Indeed this year has been the first time a women minister has been called from her first charge to another congregation. As one minister put it, “the first time women have left their ‘starter church’ for a larger congregation”. Suddenly, three have moved this year.

The denomination’s Board of Christian Training recognised in its report that
Concern had been raised as to the low numbers of women applying for ordained ministry. The Committee agreed that promotional material aimed at potential applicants should clearly stress that both men and women are eligible for ordination on an equal basis.

However, this concern was not translated into a resolution. Could it have been proposed that ministers and elders encourage all their members, regardless of gender, to explore their sense of calling to preaching courses and ministry? Perhaps that would have been deemed foolish given the breadth of attitudes towards women’s ministry that continue to be held by members, elders and ministers of the denomination.

For the first time ever this, the main speaker at the Youth Night event at the end of General Assembly is a woman. Gender aside, Jude Hill will be an exceptional speaker.



It was telling that the first mention of the fortieth anniversary of women being allowed to be ordained was finally made by two women. Otherwise, it seems unlikely it would have been mentioned at the assembly.



Two ministers made an unexpected intervention as they jointly delivered a short and dignified speech following the Board of Christian Training report. Revs Patricia McBride and Katherine Meyer read out the names of a sample of the congregations across Ireland that have “had the courage of their discernment” to call women ministers and employ assistant ministers over the last forty years.
We look forward to the continuing work of the Holy Spirit in transforming the church we serve, a church reformed and always in need of reformation. And we look forward to celebrating the fiftieth anniversary with great joy and in great style!




On the final morning, another unexpected intervention as the convenor of the Board of Finance and Personnel John Hunter – an elder – finished his verbal report by referencing the gender imbalance of his own board.
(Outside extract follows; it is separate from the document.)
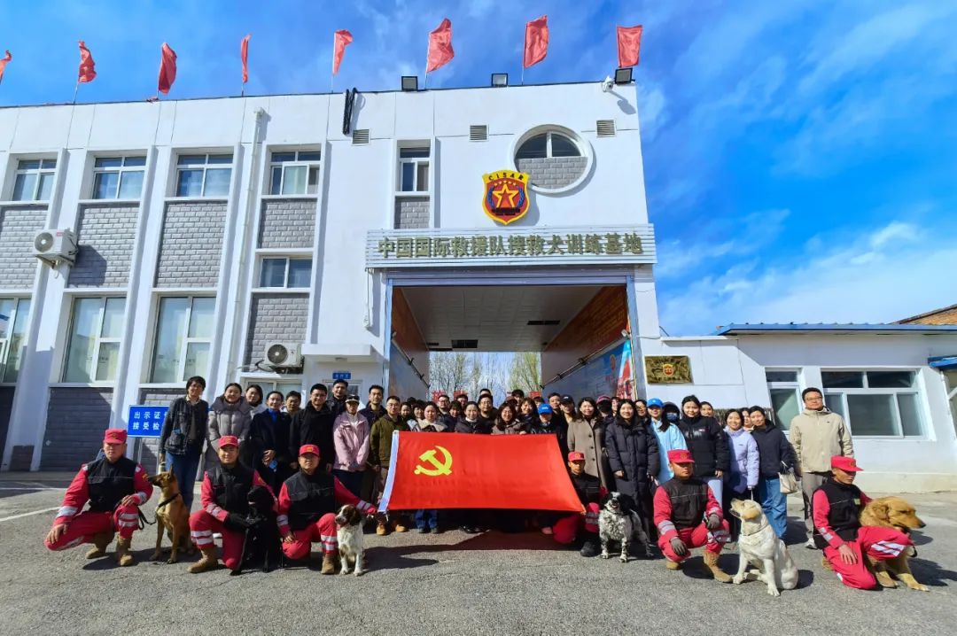 在部队官兵的引导下,全体人员首先抵达中国国际救援队搜救犬训练基地观摩了搜救犬实战演练。敏捷的搜救犬在指令下快速完成废墟攀爬、障碍穿越、精准定位“被困者”等高难度动作,展现了“无言战士”在救援救灾中的关键作用。其高效协作与过硬技能赢得现场阵阵掌声。

He spoke of the “failure” of the denomination to “mobilise all the talents in our church”. He also wondered whether there would be a female moderator in the next ten years.
Moderator, before turning to my final remarks I’d like to speak briefly on the transformational theme from the perspective of the Board of Finance and Personnel. A transformational church has to have the courage and capacity to affect change and this requires governance structures that are fit for purpose. But it also requires us to mobilise all the talents in our church. And I believe, Moderator, we’re patently failing in this regard.

I illustrate it with an example from the last meeting of the board. Of the around forty people present, only one was a woman, and she was Laura Kelly our personnel officer.
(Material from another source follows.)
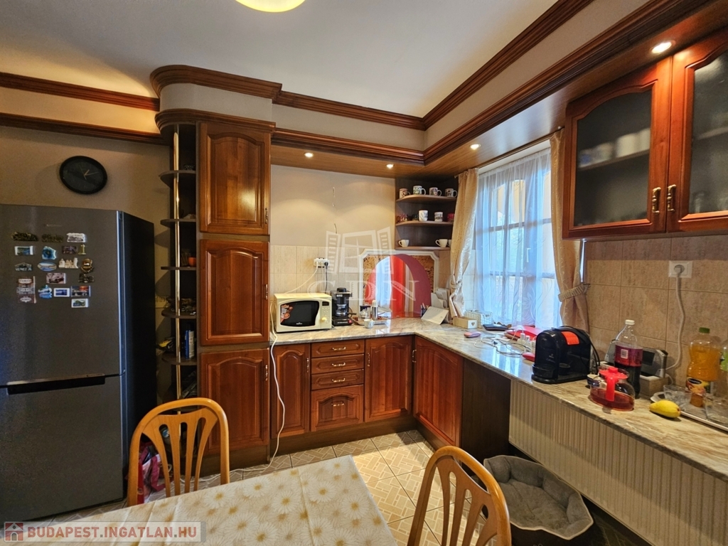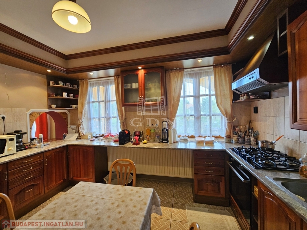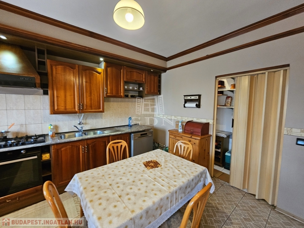 A konyha világos, elegáns kivitelű, praktikusan elrendezett, teljesen gépesített, az étkezővel átadó pulttal is össze van kötve. Az étkezőrész és a nappali tágas, a rajta található tolóajtón keresztül a nagy teraszra is ki lehet ülni.

I can report that the Nominations Committee has sought to address this deficit in the thirty eight person membership of the new board. And I look forward to welcoming Mrs Barron to her first meeting. She however is the only female nominee within the new committee.

Moderator, I suggest that the most visible sign of a transformed church might lie in more female engagement and indeed in leadership. Would it be heretical, moderator, even to suggest that in time there should be a female moderator? Perhaps before the fiftieth anniversary of the agreement of this house to ordain women.

Throughout the week, I asked a number of women minister about their journeys into ministry and what might encourage more women to come forward as candidates. Here’s a selection of their comments:

While it’s a rule and we’ve encapsulated it into church law, there is an ethos in the denomination that hasn’t been very encouraging to women going ahead in leadership and specifically toward ordination.

I consider that I’m a woman who is in ministry. I’m a team player, men and women together. I just happen to know that God’s called me into this role and I work together with the other men and women in the congregation.

I was seventeen when he called me into the ordained ministry. I’ve just gone on in faith through that. I spent a long time with my New Testament professor making sure what I felt was Biblical and having done that there was no looking back.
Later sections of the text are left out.